A court in Yerevan on Friday fined yet another government loyalist 500,000 drams ($1,000) for serious fraud committed during last December’s referendum on President Serzh Sarkisian’s constitutional reform.
Hasmik Hovannisian, who was a senior member of a precinct election commission in Yerevan, admitted forging referendum-related documents and illegally casting multiple ballots marked in favor of the controversial amendments to the Armenian constitution.
“Do you feel remorse for your actions?” the presiding judge asked Hovannisian. “Yes, I do,” she replied.

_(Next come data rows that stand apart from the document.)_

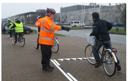
Cykelkursus for nye cyklister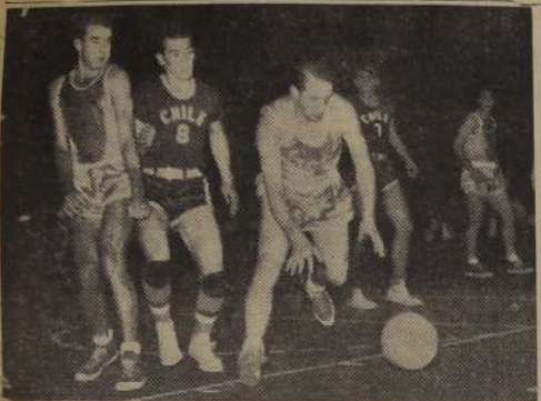
GANARON BIEN LOS URUGUAYOS. — En el partido con los orientales, el equipo nacional no pudo contrarrestar la mejor consistencia de los dueños de casa, que poco a poco fueron aumentando la ventaja, hasta ganar por 52-36. En la foto, los jugadores uruguayos en acción durante el partido.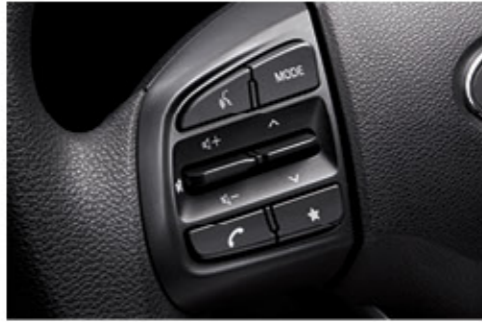
بلوتوث غير سلكي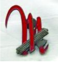
16. Mostrina «M rossa» dei Battaglioni speciali CCNN della milizia fascista.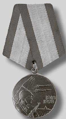
1978 г. Юбилейная медаль «60 лет Вооруженных Сил СССР».

вывод советских военных подразделений с территории ДРА, предотвратив потерю личного состава.

The brief hearing was held under a so-called “accelerated procedure” that did not require questioning of witnesses and close examination of the defendant’s motives. Both Hovannisian and her lawyer refused to comment after the announcement of the verdict. It thus remained unclear whether she falsified referendum results in her precinct on her own or followed others’ orders.
The trials of more than a dozen other government supporters prosecuted for referendum-related irregularities so far followed the same pattern. Virtually all of those individuals were fined 500,000 drams.
As of last month, law-enforcement authorities opened 68 criminal cases and charged 32 individuals in connection with referendum fraud.
Opposition leaders, who consider the referendum to have been rigged, have dismissed these fraud cases as publicity stunts. They say that neither the prosecutors nor courts have even attempted to identify masterminds. The authorities, they claim, are only imitating anti-fraud measures in response to serious concerns voiced by the United States and the European Union in the wake of the December 6 vote.